** What you need to do **
Nothing in the records should be changed in the copy, though the pictures must be left out.

- - - - -

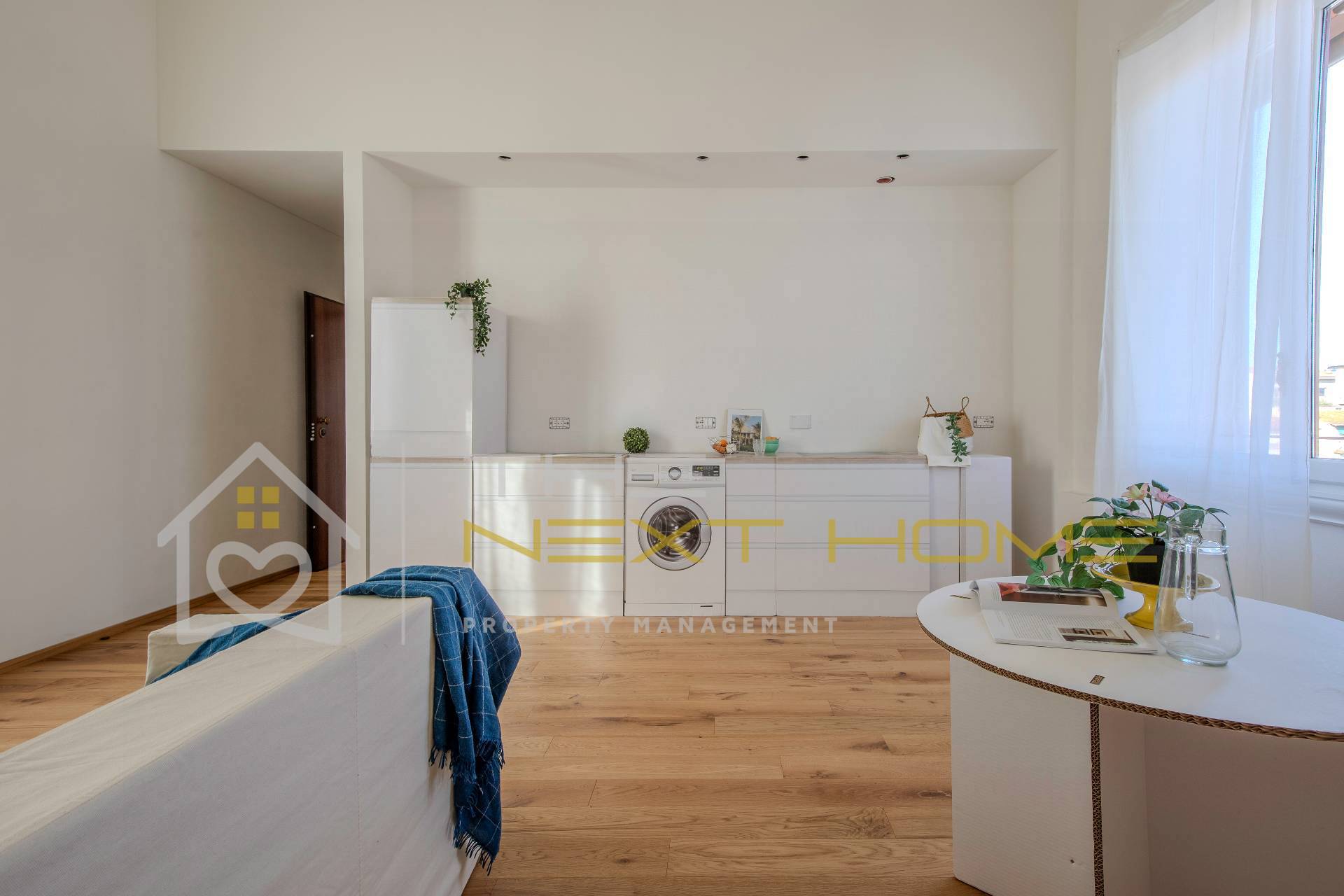 L'ingresso si apre su un ampio e luminoso SOGGIORNO, con AMPIA CUCINA A VISTA e dal quale si accede alla ZONA NOTTE composta da TRE CAMERE da letto di cui una matrimoniale e due singole, i DOPPI SERVI moderni ed eleganti ed infine un GRANDE BALCONE.
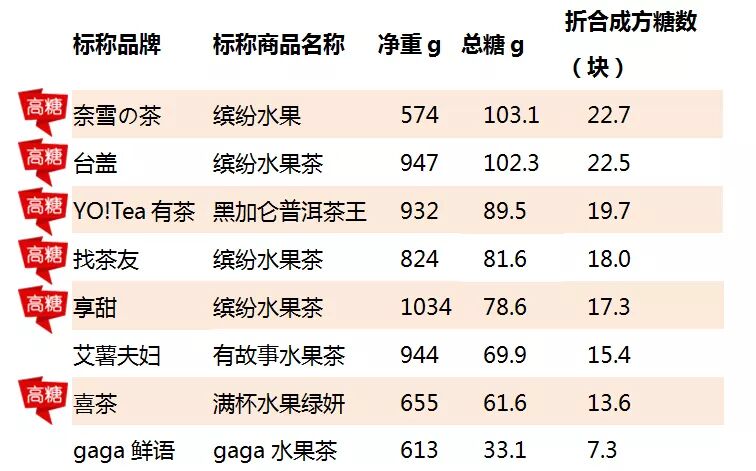 如此区分,我们检测出8款水果茶中6款属于高糖饮料,喜茶是未测出甜味剂的水果茶里面糖分最低的,详细如下表↓
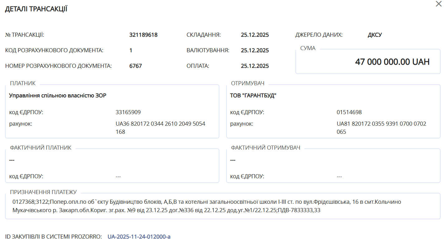 За нинішнім договором в останній тиждень 2025 року мали виконати роботи на суму 67,20 млн грн з загальної вартості чверть мільярда гривень. При цьому угода дозволяла підряднику отримати аванс у розмірі до 70% від річного фінансування. Відтак, за даними порталу «Spending», 25 грудня «Гарантбуду» перерахували авансом 47,00 млн грн.
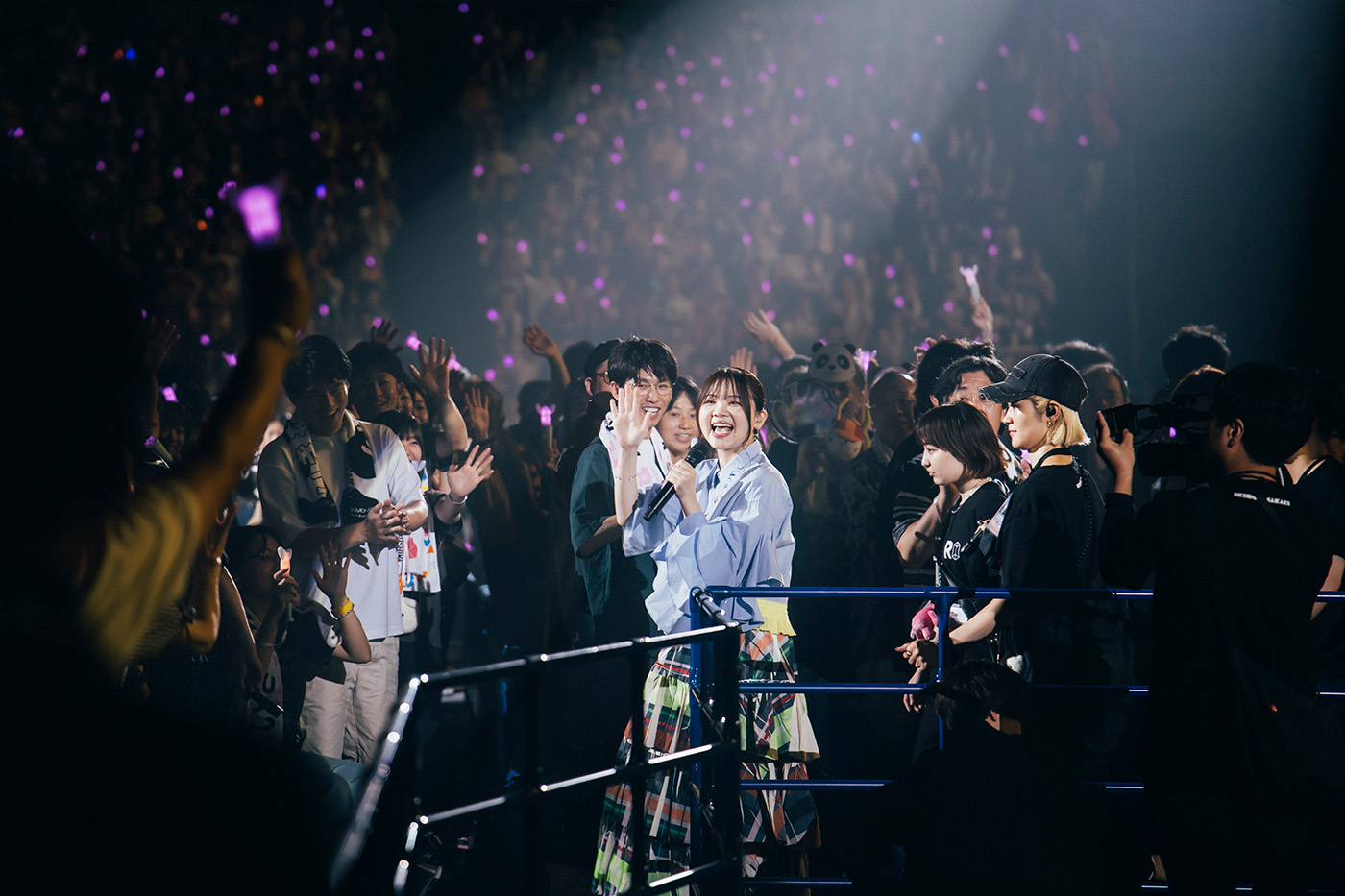 今回のツアーは「できるだけみんなの近くに行けるように」とふたりがMC中でも言うように、ファンに寄り添う様々なステージングも特徴的。センターステージに戻ったふたりは人気楽曲「ブルーバード」「うるわしきひと」を披露。最新アルバムから「うきうきぱんだ」の演奏が始まると、フロントステージのほうではサポートメンバーがパンダの着ぐるみを着て、さらに会場は賑やかな熱量に。
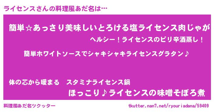 | ヘコむあだ名 | 『ライぷりん』『ライセンス(笑)』 |
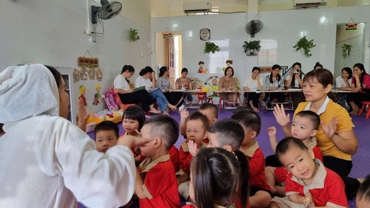 Sau các hoạt động, cán bộ, giáo viên nhà trường đã cùng nhau trao đổi, thảo luận, chia sẻ ý kiến về kết quả hoạt động. Những điểm mạnh như sự chuẩn bị đồ dùng chu đáo, xây dựng môi trường giáo dục phong phú, kích thích trẻ tích cực tham gia hoạt động và cách ứng dụng linh hoạt quan điểm lấy trẻ làm trung tâm trong tổ chức các hoạt động giáo dục tại lớp NTS1 được ghi nhận.
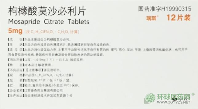 江蘇豪森瑞琪枸櫞酸莫沙必利片說明書文字版
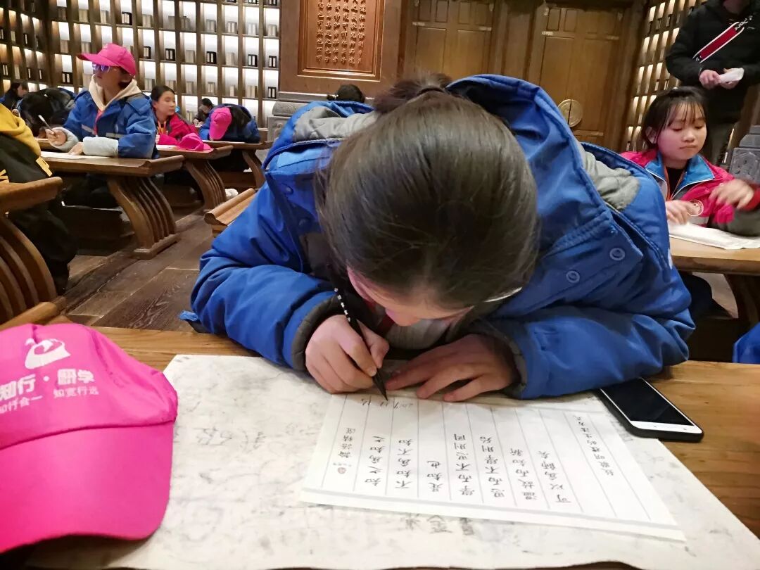 参观了以仁义礼智信命名的五厅后,感悟圣贤智慧与建筑的融合。在仁厅观看“天下归仁”灯光秀,并在书案前体验“手读论语”,在经过了两天的研学活动后,能静默案前,抄写下早已熟悉的论语篇章,相信大家都会有另一番感悟吧。
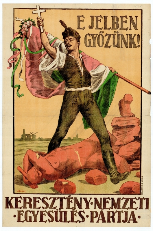 1920-as Keresztény Nemzeti Egység Pártja, antibolsevista választási plakát. Egy fiatal férfi látható rajta egy ledöntött szobor előtt állva, kezében zászlóval és kereszttel, a következő felirattal: E jelben győzünk!
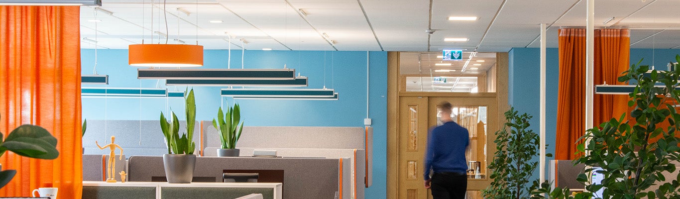 At Tekniska verken in Linköping you will find Aura Light's lighting installed in most of the building. Usually you’ll find the classic white luminaires, but when you come to the department where Bixias has its headquarters, you will instead be met by a colorful alternative.
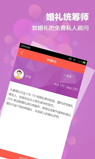 在线支付、标准化服务、婚礼统筹师、婚礼计划、发现“资讯”、婚礼惠、分享交流、及时沟通、海量婚礼人、婚礼摄像、婚礼摄影、婚礼策划、跟拍、跟妆、司仪、婚礼统筹、婚礼策划、结婚用品……婚礼颂统统搞定!
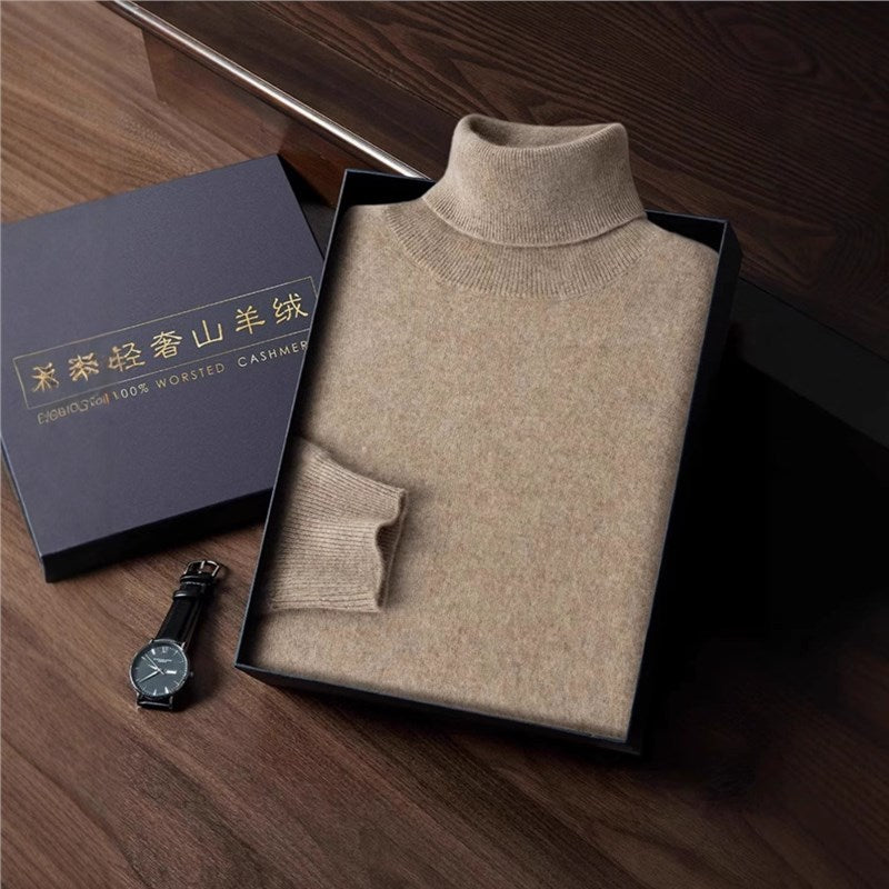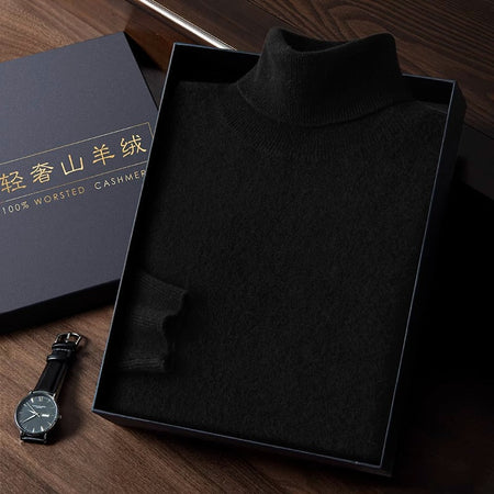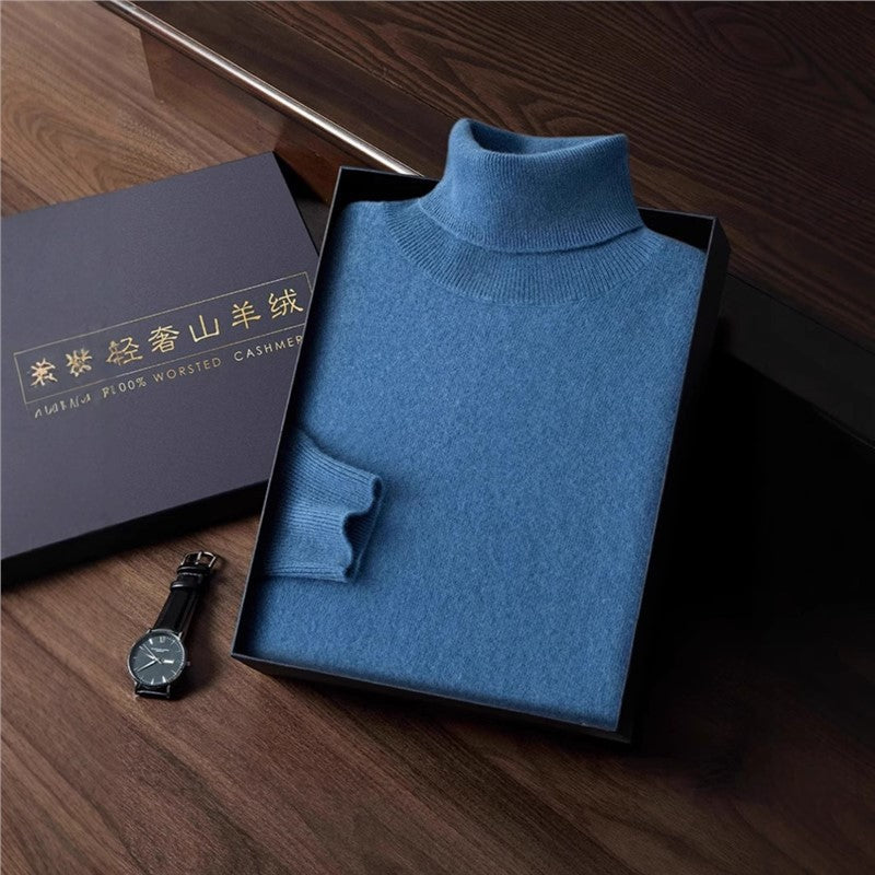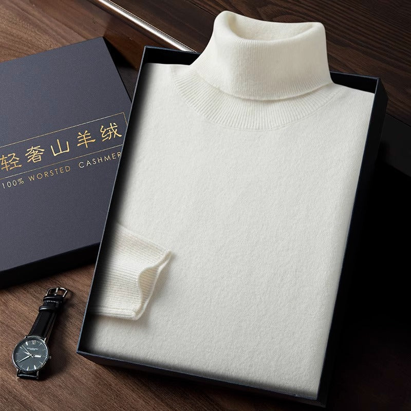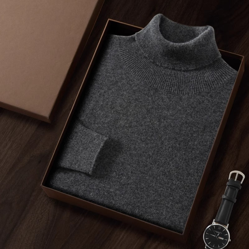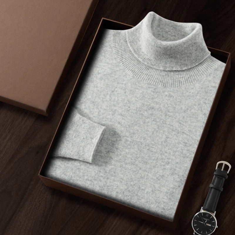 Men’s High Neck Fleece-Lined Sweater – Slim Fit Knit

- - - - -

** Task result **
 L'ingresso si apre su un ampio e luminoso SOGGIORNO, con AMPIA CUCINA A VISTA e dal quale si accede alla ZONA NOTTE composta da TRE CAMERE da letto di cui una matrimoniale e due singole, i DOPPI SERVI moderni ed eleganti ed infine un GRANDE BALCONE.
 如此区分,我们检测出8款水果茶中6款属于高糖饮料,喜茶是未测出甜味剂的水果茶里面糖分最低的,详细如下表↓
 За нинішнім договором в останній тиждень 2025 року мали виконати роботи на суму 67,20 млн грн з загальної вартості чверть мільярда гривень. При цьому угода дозволяла підряднику отримати аванс у розмірі до 70% від річного фінансування. Відтак, за даними порталу «Spending», 25 грудня «Гарантбуду» перерахували авансом 47,00 млн грн.
 今回のツアーは「できるだけみんなの近くに行けるように」とふたりがMC中でも言うように、ファンに寄り添う様々なステージングも特徴的。センターステージに戻ったふたりは人気楽曲「ブルーバード」「うるわしきひと」を披露。最新アルバムから「うきうきぱんだ」の演奏が始まると、フロントステージのほうではサポートメンバーがパンダの着ぐるみを着て、さらに会場は賑やかな熱量に。
 | ヘコむあだ名 | 『ライぷりん』『ライセンス(笑)』 |
 Sau các hoạt động, cán bộ, giáo viên nhà trường đã cùng nhau trao đổi, thảo luận, chia sẻ ý kiến về kết quả hoạt động. Những điểm mạnh như sự chuẩn bị đồ dùng chu đáo, xây dựng môi trường giáo dục phong phú, kích thích trẻ tích cực tham gia hoạt động và cách ứng dụng linh hoạt quan điểm lấy trẻ làm trung tâm trong tổ chức các hoạt động giáo dục tại lớp NTS1 được ghi nhận.
 江蘇豪森瑞琪枸櫞酸莫沙必利片說明書文字版
 参观了以仁义礼智信命名的五厅后,感悟圣贤智慧与建筑的融合。在仁厅观看“天下归仁”灯光秀,并在书案前体验“手读论语”,在经过了两天的研学活动后,能静默案前,抄写下早已熟悉的论语篇章,相信大家都会有另一番感悟吧。
 1920-as Keresztény Nemzeti Egység Pártja, antibolsevista választási plakát. Egy fiatal férfi látható rajta egy ledöntött szobor előtt állva, kezében zászlóval és kereszttel, a következő felirattal: E jelben győzünk!
 At Tekniska verken in Linköping you will find Aura Light's lighting installed in most of the building. Usually you’ll find the classic white luminaires, but when you come to the department where Bixias has its headquarters, you will instead be met by a colorful alternative.
 在线支付、标准化服务、婚礼统筹师、婚礼计划、发现“资讯”、婚礼惠、分享交流、及时沟通、海量婚礼人、婚礼摄像、婚礼摄影、婚礼策划、跟拍、跟妆、司仪、婚礼统筹、婚礼策划、结婚用品……婚礼颂统统搞定!
 Men’s High Neck Fleece-Lined Sweater – Slim Fit Knit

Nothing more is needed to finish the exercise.